● **TASK PROMPT**
Extract the full listing verbatim and drop any pictures from your copy.
*** INFORMATION PROVIDED ***
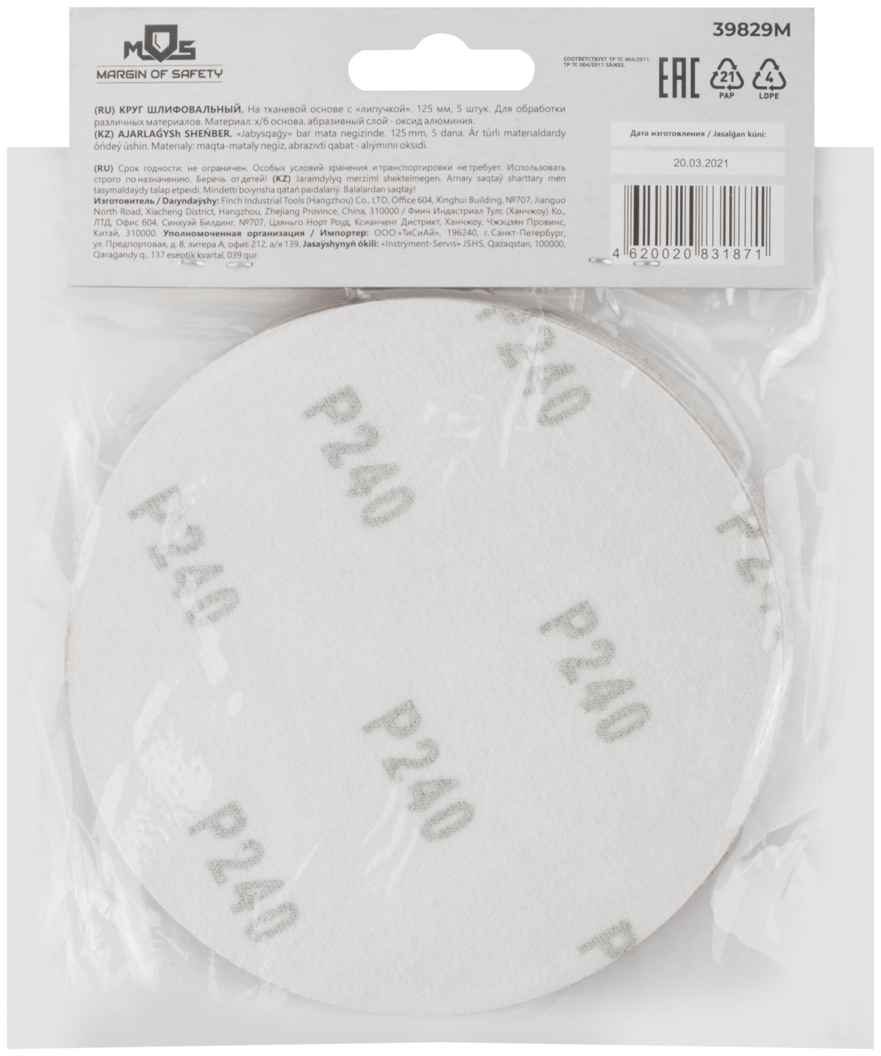 На тканевой основе с "липучкой". Диаметр 125мм, набор 5 шт. Для обработки различных метериалов. Материал: х/б основа, образивный слой-оксид алюминия
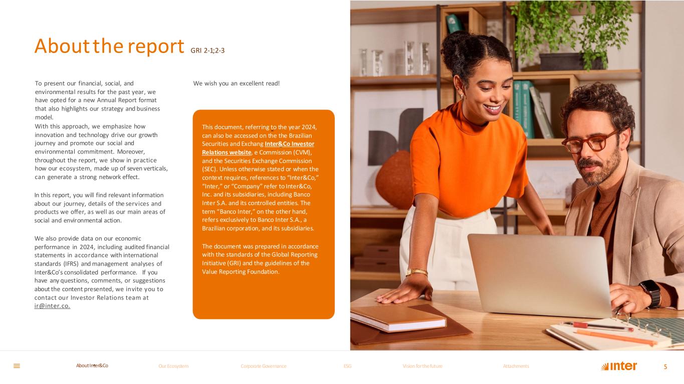 About the report GRI 2-1;2-3 This document, referring to the year 2024, can also be accessed on the the Brazilian Securities and Exchang InterCo Investor Relations website, e Commission (CVM), and the Securities Exchange Commission (SEC). Unless otherwise stated or when the context requires, references to “InterCo,” “Inter,” or “Company” refer to InterCo, Inc. and its subsidiaries, including Banco Inter S.A. and its controlled entities. The term “Banco Inter,” on the other hand, refers exclusively to Banco Inter S.A., a Brazilian corporation, and its subsidiaries. e was p epared in accordance with the standards of the Global Reporting Initiative (GRI) d the guidelines of the Value Reporting F undation. This d cum nt, referri g t th year 2024, can also be accessed on the the Brazilian S curiti s and Exchang Inter&Co Investor Relations website, e Commission (CVM), and the Secu i ies Exchange Commission (SEC). Unless otherwise stated or when the context requires, references to “Inter&Co,” “Inter,” or “Company” refer to Inter&Co, Inc. and its subsidiaries, including Banco Inter S.A. and its controlled entities. The term “Banco Inter,” on the other hand, refers exclusively to Banco Inter S.A., a Brazilian corporation, and its subsidiaries. The document was prepared in accordance with the standards of the Global Reporting Initiative (GRI) and the guidelines of the Value Reporting Foundation. To present our financial, social, and environmental results for the past year, we have opted for a new Annual Report format that also highlights our strategy and business model. 5 With this approach, we emphasize how innovation and technology drive our growth journey and promote our social and environmental commitment. Moreover, throughout the report, we show in practice how our ecosystem, made up of seven verticals, can generate a strong network effect. In this report, you will find relevant information about our journey, details of the services and products we offer, as well as our main areas of social and environmental action. We also provide data on our economic performance in 2024, including audited financial statements in accordance with international standards (IFRS) and management analyses of Inter&Co’s consolidated performance. If you have any questions, comments, or suggestions about the content presented, we invite you to contact our Investor Relations team at ir@inter.co. We wish you an excellent read! Our Ecosystem Corporate GovernanceCorporate Governance ESGESG Vision for the futureVision for the future AttachmentsAttachments About InterCoAbout Inter&Co
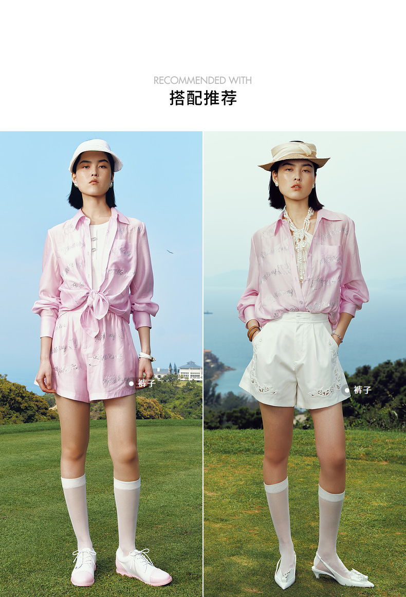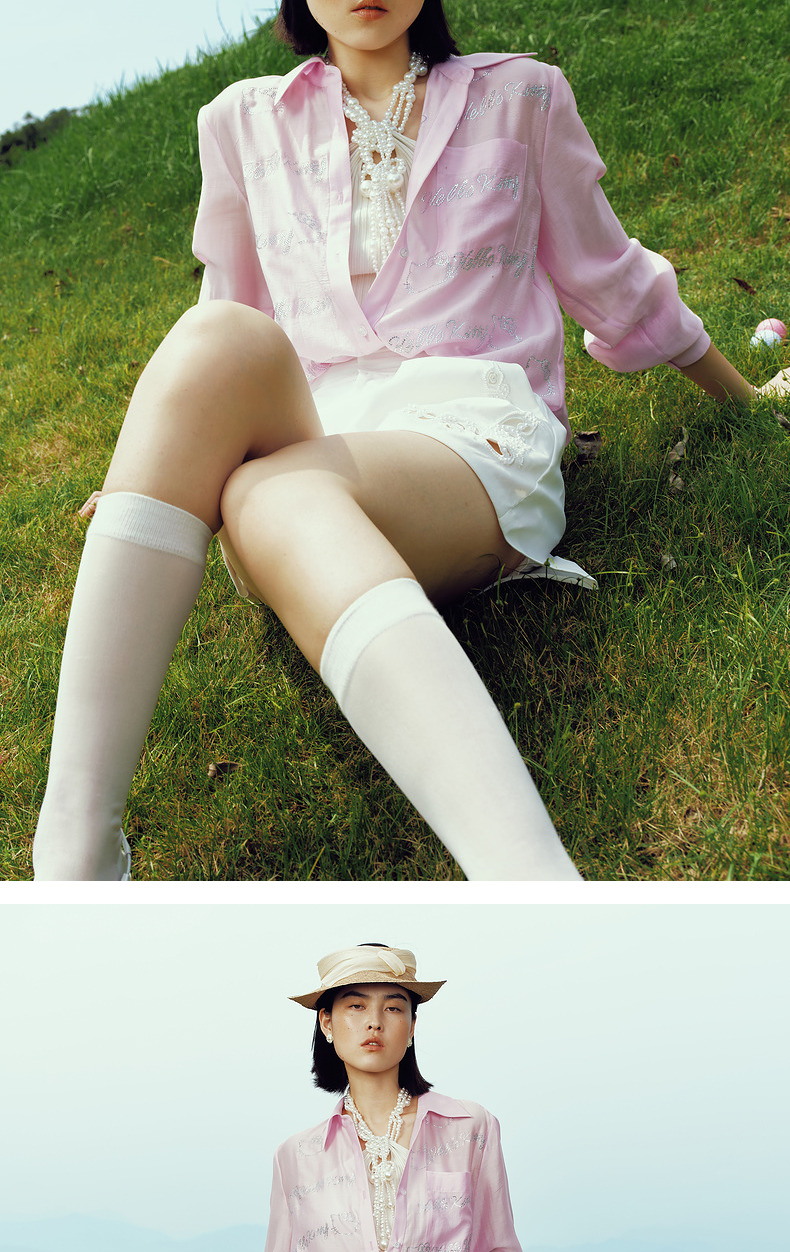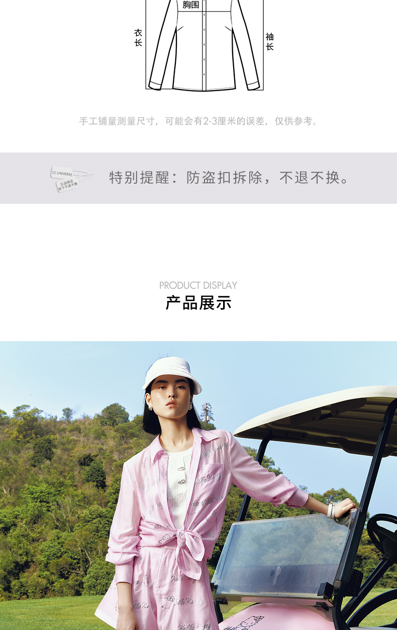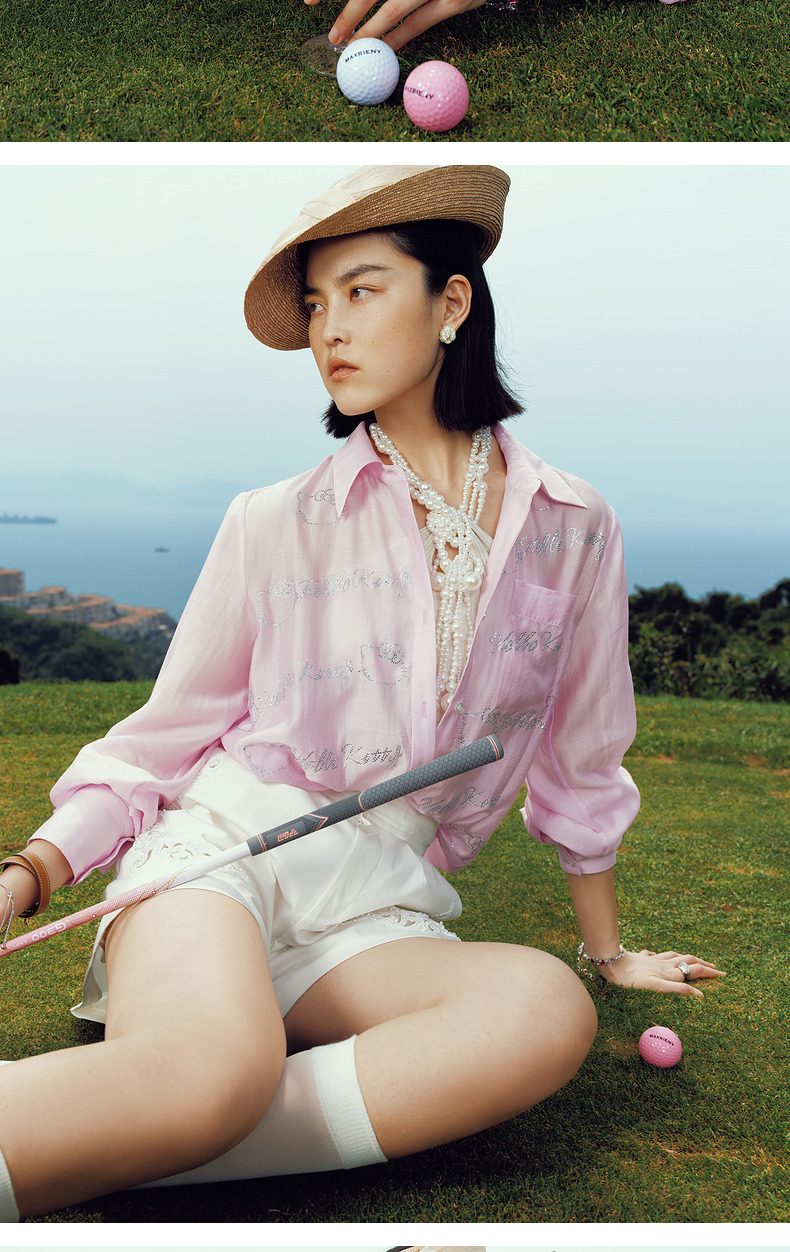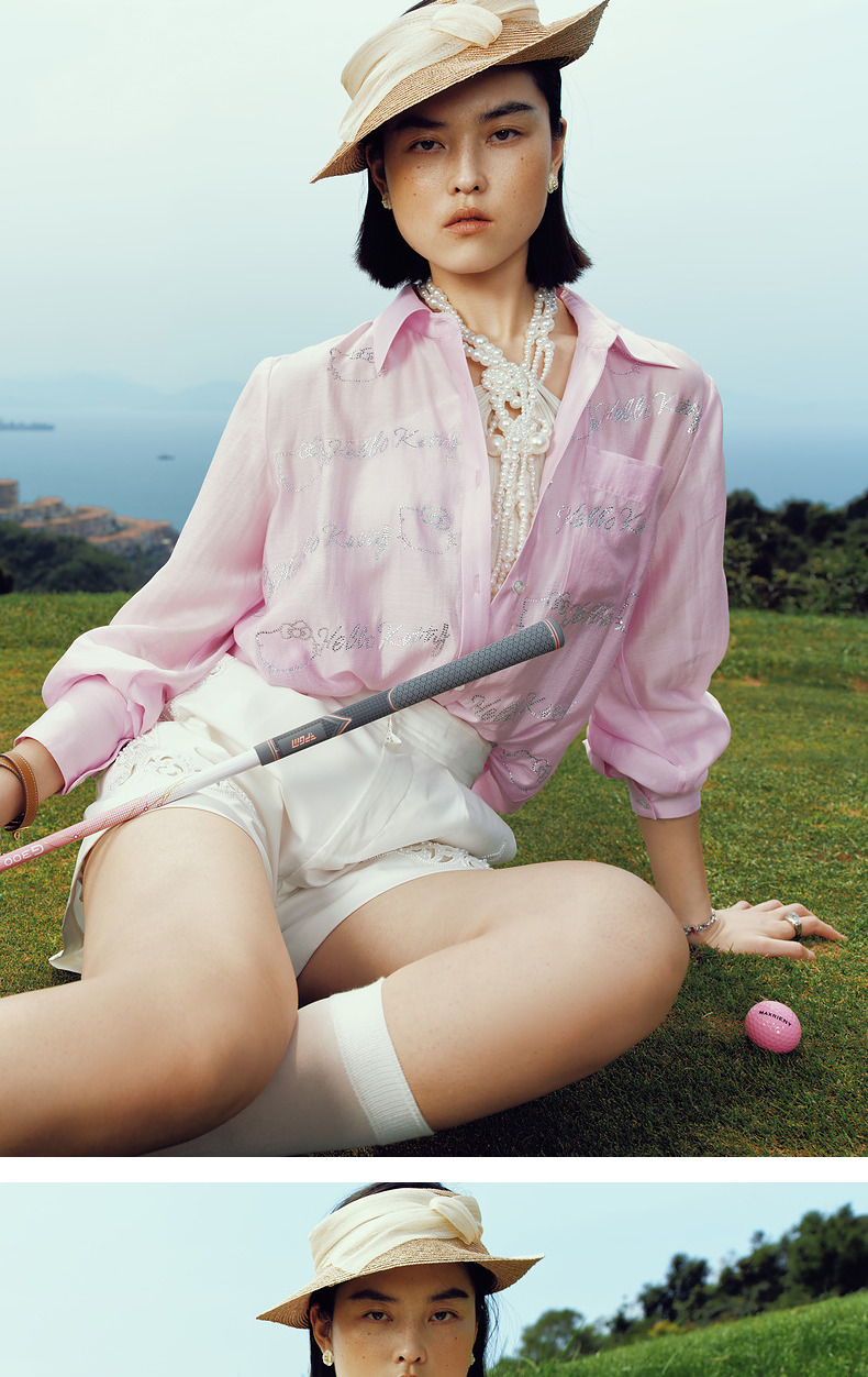 【Hello Kitty时尚系列】MAXRIENYKitty粉天丝烫钻宽松衬衫女(货号:MC85TP320)
*** End of INFORMATION PROVIDED ***
● **TASK ANSWER**
 На тканевой основе с "липучкой". Диаметр 125мм, набор 5 шт. Для обработки различных метериалов. Материал: х/б основа, образивный слой-оксид алюминия
 About the report GRI 2-1;2-3 This document, referring to the year 2024, can also be accessed on the the Brazilian Securities and Exchang InterCo Investor Relations website, e Commission (CVM), and the Securities Exchange Commission (SEC). Unless otherwise stated or when the context requires, references to “InterCo,” “Inter,” or “Company” refer to InterCo, Inc. and its subsidiaries, including Banco Inter S.A. and its controlled entities. The term “Banco Inter,” on the other hand, refers exclusively to Banco Inter S.A., a Brazilian corporation, and its subsidiaries. e was p epared in accordance with the standards of the Global Reporting Initiative (GRI) d the guidelines of the Value Reporting F undation. This d cum nt, referri g t th year 2024, can also be accessed on the the Brazilian S curiti s and Exchang Inter&Co Investor Relations website, e Commission (CVM), and the Secu i ies Exchange Commission (SEC). Unless otherwise stated or when the context requires, references to “Inter&Co,” “Inter,” or “Company” refer to Inter&Co, Inc. and its subsidiaries, including Banco Inter S.A. and its controlled entities. The term “Banco Inter,” on the other hand, refers exclusively to Banco Inter S.A., a Brazilian corporation, and its subsidiaries. The document was prepared in accordance with the standards of the Global Reporting Initiative (GRI) and the guidelines of the Value Reporting Foundation. To present our financial, social, and environmental results for the past year, we have opted for a new Annual Report format that also highlights our strategy and business model. 5 With this approach, we emphasize how innovation and technology drive our growth journey and promote our social and environmental commitment. Moreover, throughout the report, we show in practice how our ecosystem, made up of seven verticals, can generate a strong network effect. In this report, you will find relevant information about our journey, details of the services and products we offer, as well as our main areas of social and environmental action. We also provide data on our economic performance in 2024, including audited financial statements in accordance with international standards (IFRS) and management analyses of Inter&Co’s consolidated performance. If you have any questions, comments, or suggestions about the content presented, we invite you to contact our Investor Relations team at ir@inter.co. We wish you an excellent read! Our Ecosystem Corporate GovernanceCorporate Governance ESGESG Vision for the futureVision for the future AttachmentsAttachments About InterCoAbout Inter&Co
 【Hello Kitty时尚系列】MAXRIENYKitty粉天丝烫钻宽松衬衫女(货号:MC85TP320)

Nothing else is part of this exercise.